I guess the broadcasting mechanism can somehow be carried over to AxisArrays but what about the views? How about introducing a julia keyword persist, which tells a data member to conceptually automatically reside (or be accessible from) structure of the encapsulating structure?
This way it would be fairly easy to deal with the views, as the axis would “blubble up” though a series of such encapsulations and still be visible. But then this needs some change to the type structure, as the resulting view type needs to still ideally be recognized a subtype of AxisArrays and not just AbstractArray, I guess.

No. The design of Julia go against this on purpose. The common example is the Square class. If I create a Rectangle class, then makes sense to have Square as a subtype of rectangle, because this replicates the mathematical relationship between them, however, Rectangle has two attributes (length and width, for example) and for Square it would be better to inherit nothing and instead just use a single attribute to store the value (saving half the memory).

From your examples, however, I see nothing related to inheritance.

The first examples is related to how broadcast was implemented for AxisArray. I do not know intimately the broadcast machinery, but I believe materialising Vector is the default (i.e., it works even if you do nothing about it), but you can adapt its behaviour, for example, trying to broadcast over Dict or NamedTuple errors (it would work automatically if it was not reserved by the core team), (1, 2, 3) .+ 1 returns a Tuple. So here you should contact Tim Holy to know if this behavior of broadcast is intended or not.

A view of some array is not a subtype of the wrapped array. ReshapedArray is a subtype of AbstractArray as much as AxisArray is a subtype of AbstractArray, ReshapedArray is not under AxisArray, or any other Array type it can wrap. This is not common behavior on most languages that I know, because the relationship of a wrapper type is “contain a” not “is a”. I mean, Ruby and its infinite dynamism probably could delegate any method the wrapper does not know to the wrapped object, but it does not stop being a “contains a” relationship and not a “is a” relationship because of that.

While we are talking about broadcast, this is probably some behavior Tim just did not implement.
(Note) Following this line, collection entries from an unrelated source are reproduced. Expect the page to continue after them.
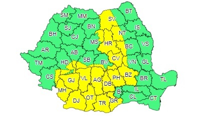 Meteorologiii anunță averse ce vor avea și caracter torențial, descărcări electrice, intensificări de scurtă durată ale vântului, vijelii și, izolat, grindină, mai ales în zonele de deal și de munte, precum și în sudul, centrul și estul teritoriului.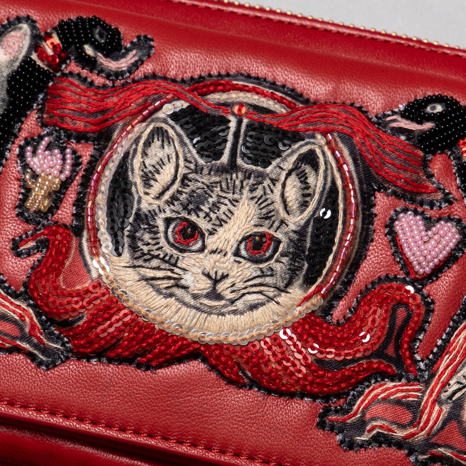 手刺繍の羊革製です。
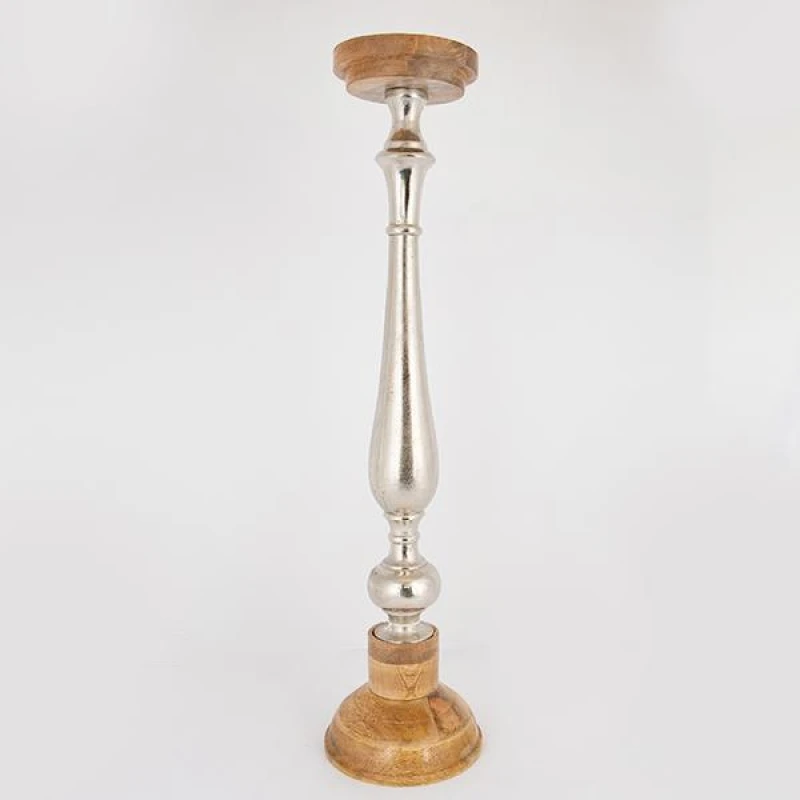 Κηροπήγιο ξύλινο - μεταλλικό σε ασημί - natural χρώμα από την ESTHETI - Διαστάσεις: 17x74εκ.

Not a limitation of the language.

I do not believe generic views can deal with what you are asking here, you can maybe create a specialized type of view, because the generic one is made to work with any AbstractArray. Luckily, you can create a view type that recognizes other methods that may be applied to your type, and overload some Base function to use your specific type of view when your specific type of array is passed.

Yes, this kind of dynamic type creation may be possible, but probably indicates you are trying to use Julia as something it is not.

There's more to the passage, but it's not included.